The New Orleans Saints' "Bountygate" scandal has been an ugly moment for the National Football League. But no matter how unfair some people think the punishment was, commissioner Roger Goodell should stick to it.
The discovery of monetary incentives given to those who tried to knock players out of games was met with harsh reactions and an even harsher penalty for the Saints.
Head coach Sean Payton is gone for a year. His assistant and possible replacement Joe Vitt has been suspended for six games, and general manager Mickey Loomis will miss eight games.
The franchise was docked $500,000 and lost two second-round draft picks, and Gregg Williams, the former defensive coordinator and supposed ringleader of the circus, has been suspended indefinitely and may never coach again.

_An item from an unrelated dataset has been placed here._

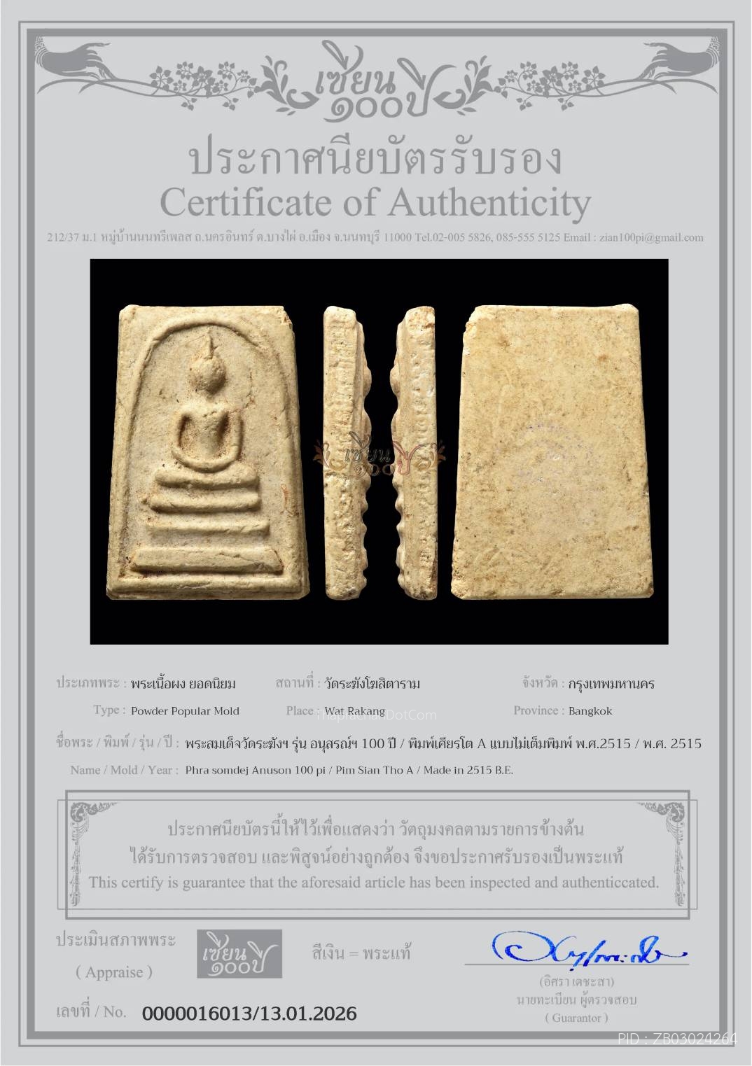 พระวัดพลับ พิมพ์พุงป่องเล็ก เนื้อผง พ.ศ.2380 พร้อมบัตรสมาคม
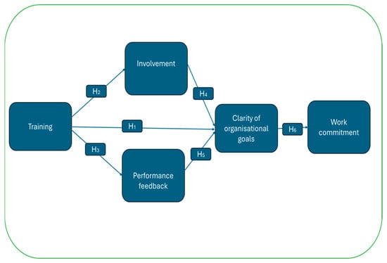 A mediator is a third variable that influences the relationship between two variables (Hair et al., 2022). Earlier, it was suggested and hypothesised that training influences clarity regarding organisational goals. In this study, it is further hypothesised and argued that this relationship is influenced by two mediators, viz. involvement and performance feedback. Moreover, this hypothetical relationship is based on the argument made in the introduction that similar research in the South African context is sparse. An international study conducted in the education sector of Oman recommended that the mediation role of the involvement be measured. The rationale for such a recommendation is that when involvement is measured as the mediator between training and goal clarity, such exchange leads to creativity and buy-in. In terms of creativity, managers and employees agree on the optimised way to achieve goals. When there is buy-in to goal setting, employees are more likely to support managers to achieve their goals (Balushi et al., 2024). With regard to performance feedback, it is important to support the relationship between government department managers and their employees. This adds a layer of transparency by sharing how the employees are performing in their jobs (Eng & Kohsuwan, 2025). Essentially, performance feedback provides constructive discussion between a manager and an employee, identifies areas of improvement, and earmarks employees for training. Hence, the following hypotheses are stated:

Of all the punishments handed down by Goodell, Payton's yearlong suspension was the punishment that garnered the most headlines.
Here was the man who had brought New Orleans back from the football wastelands, banished for an entire year for his role in one of the worst scandals in the history of the sport. Now, Payton is debating whether he will appeal the ban.
If Payton appeals, under no circumstances should Goodell budge. While some claim that the suspension was harsh for the penalties committed, it should be understood just why Payton was banned.
The idea of paying money to deliberately knock players out of a game is a terrible act as it is. Football is a violent sport that does not need any extra layers of viciousness. Trying to intentionally injure players is a condemnable act, and punishment should have been handed down.
However, that is only part of the reason why Payton and the Saints got hit as much as they did.
The real reason that the suspension was as severe as it was can be traced back to the fact that Payton and the Saints knowingly lied to the NFL about the bounties.
The league had initial inklings of the bounties in 2010 and called Saints owner Tom Benson about the findings. When Benson told Payton and Vitt to immediately abolish the program, nothing was done, and the bounty system continued.
Payton reportedly made sure his staff was prepared to cover up any traces of the bounty scandal when NFL security began its investigation.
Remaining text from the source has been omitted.